Here’s how it can be relevant:
Justifying the Problem: Your project addresses the long-term effects of trauma on children due to the opioid crisis. This article provides strong empirical evidence, demonstrating a clear association between Adverse Childhood Experiences (ACEs)—which are a form of childhood trauma—and specific, severe opioid use milestones in adulthood (earlier initiation, injection drug use, and overdose).

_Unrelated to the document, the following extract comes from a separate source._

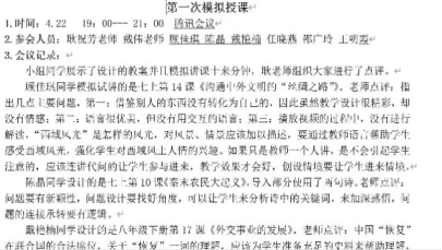 模拟授课阶段要求每位同学每周写一篇教案,并进行线上模拟授课,校内校外老师共同在线指导。截止目前为止,各实习小组都分别进行了1-2次模拟授课,并做了详细的指导记录。第4小组还邀请南京市鼓楼区历史教研员金波老师为同学们做了《基于课程标准的说课与模拟上课》讲座,并展示了鼓楼区疫情期间的网课教学,为同学们模拟授课提供范例。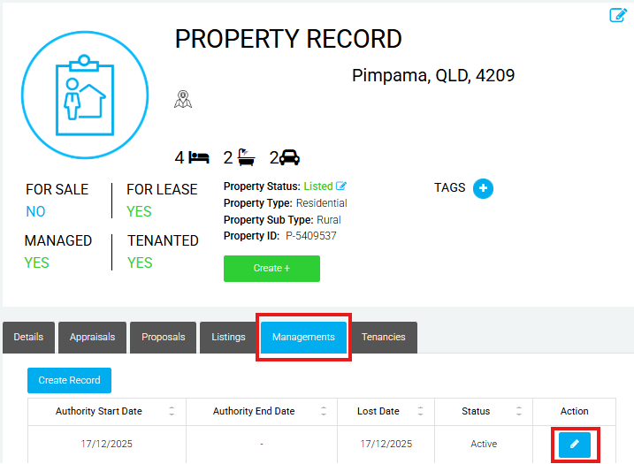 In the Property Record, click 'Managements' > click the pencil icon on the current management record

This connection powerfully underscores why mitigating these early traumas is critical, as it directly impacts the future vulnerability to substance use disorders.
Understanding the Impact of Trauma (ACEs): The article deeply explores ACEs as a quantifiable measure of childhood adversity. It explains that higher ACE exposure is associated with poorer outcomes related to opioid use. This can inform the educational component of your program by providing caregivers with a robust, evidence-based understanding of the profound and lasting effects of the trauma their children have experienced.
Context of the Opioid Crisis: The article is explicitly set within the context of opioid use disorder, aligning perfectly with the focus of your project on children separated from parents due to the opioid crisis. It helps highlight the intergenerational cycle of trauma and addiction.
Identifying High-Risk Individuals: The article's conclusion that "ACE screening could help identify high-risk subgroups" for severe opioid-related outcomes indirectly supports the need for early intervention and support for children, as they are a population likely to have experienced high ACEs. Your program for caregivers can be seen as an essential part of such early intervention.
While this article doesn't give you a blueprint for a caregiver educational program or support group, it provides the significant empirical and conceptual background necessary to strengthen the rationale and understanding behind your intervention.